Spring/Summer 95 - Bagley’s nightclub, Kings Cross

Named ‘The Birds’ after Alfred Hitchcock’s 1963 horror film, this show is remembered for swallow prints and models dressed as roadkill, in cling film gowns covered in tyre marks. It was held at the then seedy Bagley’s nightclub in Kings Cross, now unrecognisable as furniture designer Tom Dixon’s Coal Drops Yard flagship.

Autumn/Winter 95 - Natural History Museum, Kensington

Held outside the Natural History Museum, the famously contentious ‘Highland Rape’ show put McQueen’s name on everybody’s lips. Models looked dazed as they stumbled down the runway wearing menacing contact lenses, torn lace gowns and tartan jackets that just covered breasts; the designer’s controversial way of discussing England’s bloody Highland Clearances of the nineteenth century.

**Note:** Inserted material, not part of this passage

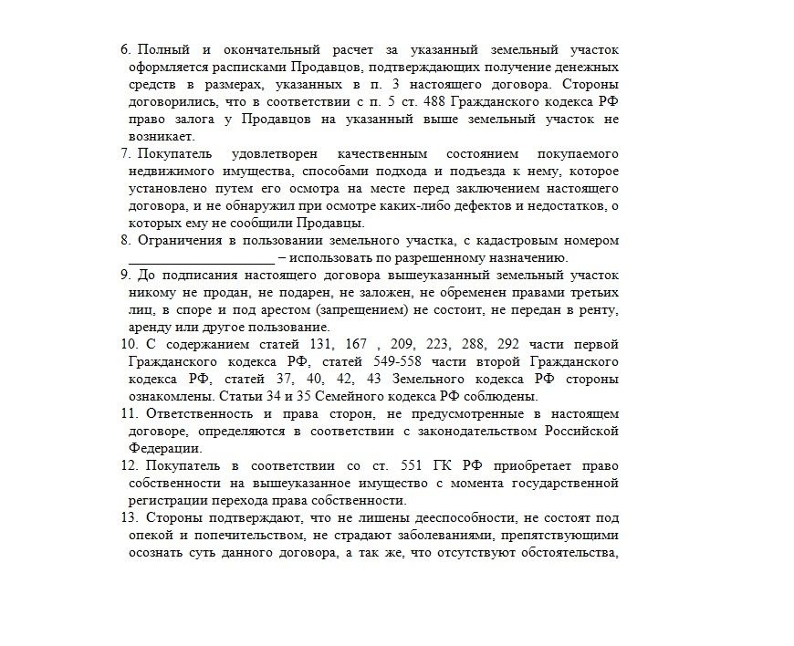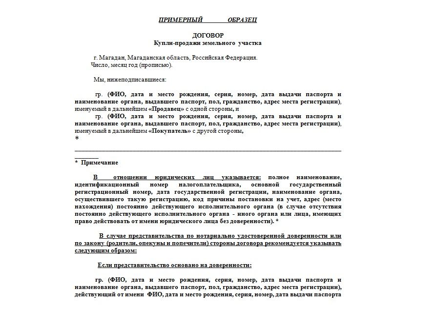 В ситуации, когда собственником целого надела или какой-либо его доли выступает ограниченно дееспособное лицо или несовершеннолетний ребенок, нотариальное заверение документа также является обязательным условием (ст. 54 ФЗ № 218 от 13.07.2015). Кроме того, в последнем случае в типовой договор купли-продажи вносятся следующие коррективы:
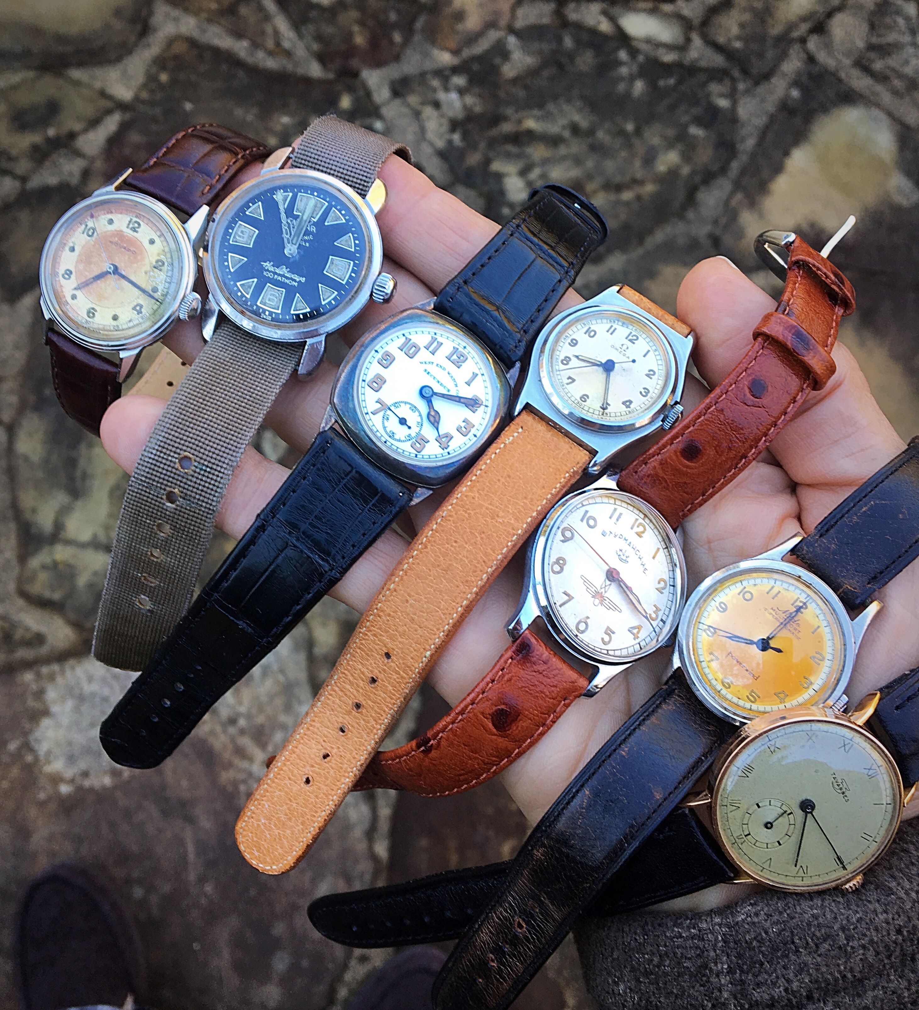 The Sturmanski (cosmonaut watch, 5th from left) is easily the most radioactive, followed by the Enicar ‘Healthways’ 😁 diver.

Autumn/Winter 96 - Christ Church, Spitalfields

Baroque English architect Nicholas Hawksmoor’s Christ Church, built between 1714 and 1729, was the setting for ‘Dante’, a show that saw war photographs by Don McCullin printed onto tops, men dressed in vests dressed like American gangsters, and antler headpieces by Philip Treacy.

Autumn/Winter 97 - Borough Fruit Market, Southbank

It was to the dingy Borough Fruit Market for the fierce ‘It’s a Jungle Out There’ collection, in a scene lit red which was “part rave, part riot”. Models were striking with eyes painted like gazelles, while more antlers grew out of a jacket worn by Debra Shaw.

Spring/summer 99 - Gatliff Road Warehouse, Victoria

This collection, ‘No. 13’, made fashion history thanks to its spectacular finale; former dancer Shalom Harlow stood in the round and the audience watched aghast as the floor beneath her span and robotic arms spray painted the plain white dress black and yellow. It was held in an abandoned bus depot in Victoria, the site for a number of his shows before he migrated his genius across the channel.